This is almost funny. It’s definitely not deliberate.
Since the Sotec machine has been back in the house, I’ve given it a quick dust-off, and been happy to see that almost nothing has changed since the last time I touched it.
It still has a few quirks, like a tetchy CDROM and a some curmudgeonly keys. But for the most part, if properly managed, it’ll perform.
Framebuffer support in Debian though is kind of humorous. With most of the settings I tried in Grub2 (my very good friend Grub2
), the screen had a distinct greenish wash to it.
Which made the entire experience appear in a purple-and-green tint. Ladies and gentlemen, I give you The Joker.
Under a full-scale X environment everything is fine, of course. And dropping the color depth to 8bpp makes everything right, more or less. Seems like it should be able to do better though. …
I’ll have to tinker with a few other 586-friendly distros, and see if I get the same mischievousness. No harm, no foul … but comical just the same.
Get it? Comical?! Ha! A pun!
P.S.: That’s dvtm by the way, and quite enjoyable at 450Mhz. But when your G key is acting up, it gets a little frustrating. …






That would be hilarious except for Heath Ledger killing himself and all.
So recompile dvtm and move to a saner modifier key
I had the same issue when i tried to setup framebuffer support for an old Toshiba Portégé 3110CT with Debian Squeeze.

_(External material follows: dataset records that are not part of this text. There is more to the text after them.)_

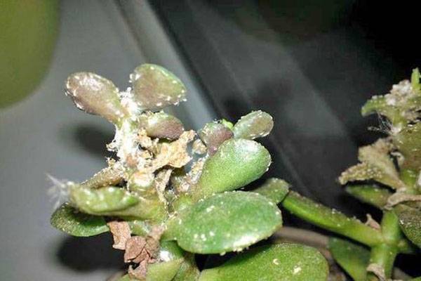 - Mealybug - появата на стъблото или в пазвите на листата на образувания, наподобяващи памучна вата, говори за атаката на това насекомо. Цветето трябва да се извади от саксията и внимателно да се изследва кореновата система - вредителят обича да подрежда гнездо в него. Растението се напръсква с Aktellik, Fitoverm или Inta-Vir.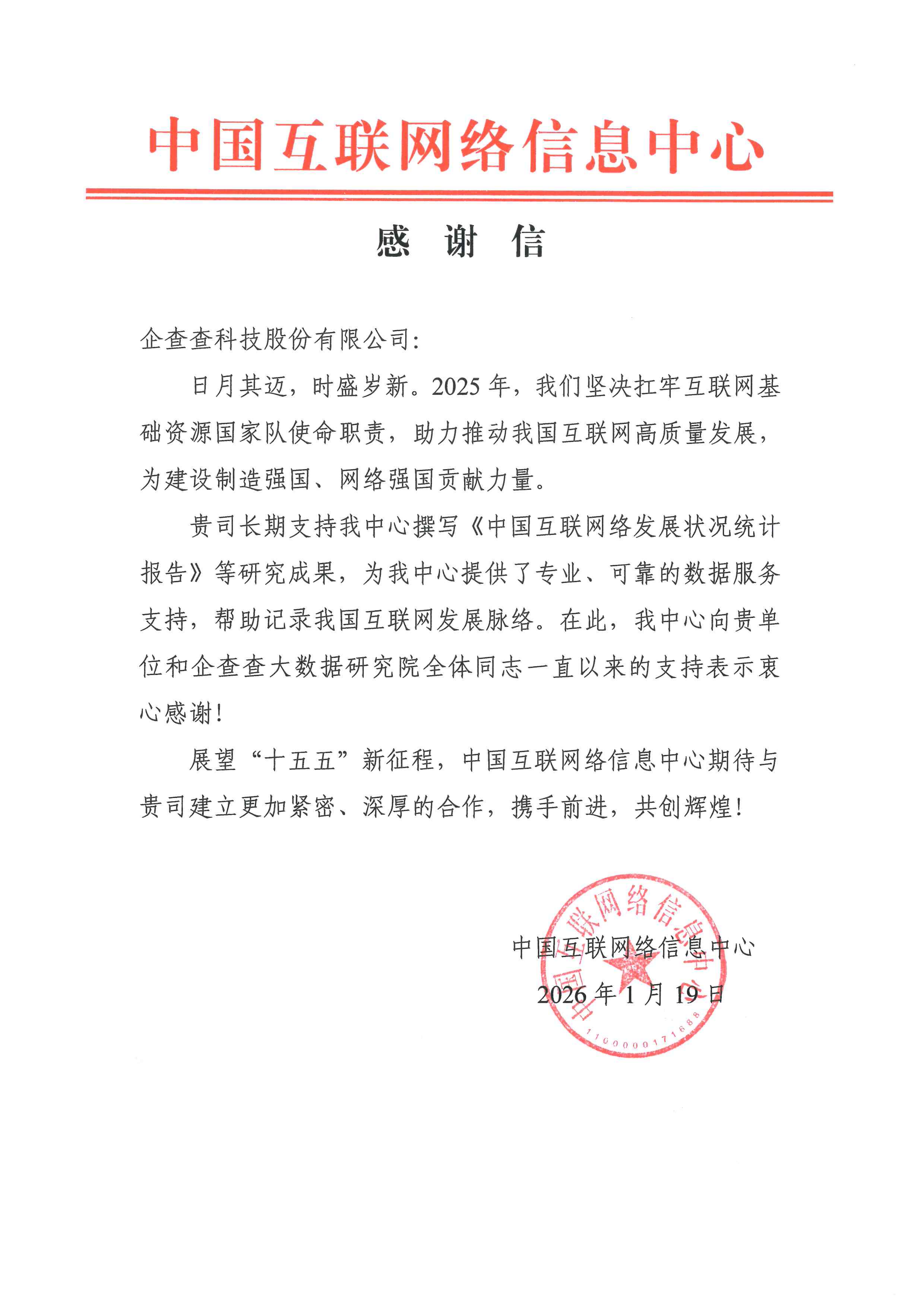 信中对企查查大数据研究院在中国互联网络信息中心的《中国互联网发展状况统计报告》等研究成果中,为其提供专业、可靠的数据服务支持,帮助记录我国互联网发展脉络,表示高度认可和衷心感谢。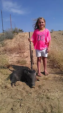 Today’s hero is Adkins hunter Callie Cox, 7. Callie harvested this javelina last November in Webb County wearing her favorite pink hunting shirt.

The “new way” to edit GRUB_GFXMODE and GRUB_GFXPAYLOAD_LINUX in /etc/default/grub did work but also resulted in this unusual greenish view.
So i used the old way and changed GRUB_CMDLINE_LINUX_DEFAULT=”quiet splash vga=788″, with vga=788 for 800×600 resolution.
Miraculously this solved the problem.
You can revert to the normal GRUB in Debian by installing the grub-legacy package (GRUB 2 is grub-pc).
http://packages.debian.org/squeeze/grub-legacy
Also you don’t have the colour depth set right…16bit results in the green hue… set it to 24 and you should be right…I’ve noticed this on just about every laptop i’ve seen so far…
On this machine, 24-bit does the same thing. It’s a green wash until I set it to 8-bit, which is acceptable. The video card can do 16-bit color under X, but not 24-bit. Invariably X sets the depth to 24-bit by default and I get a dead black screen, so I always end up forcing it down a peg.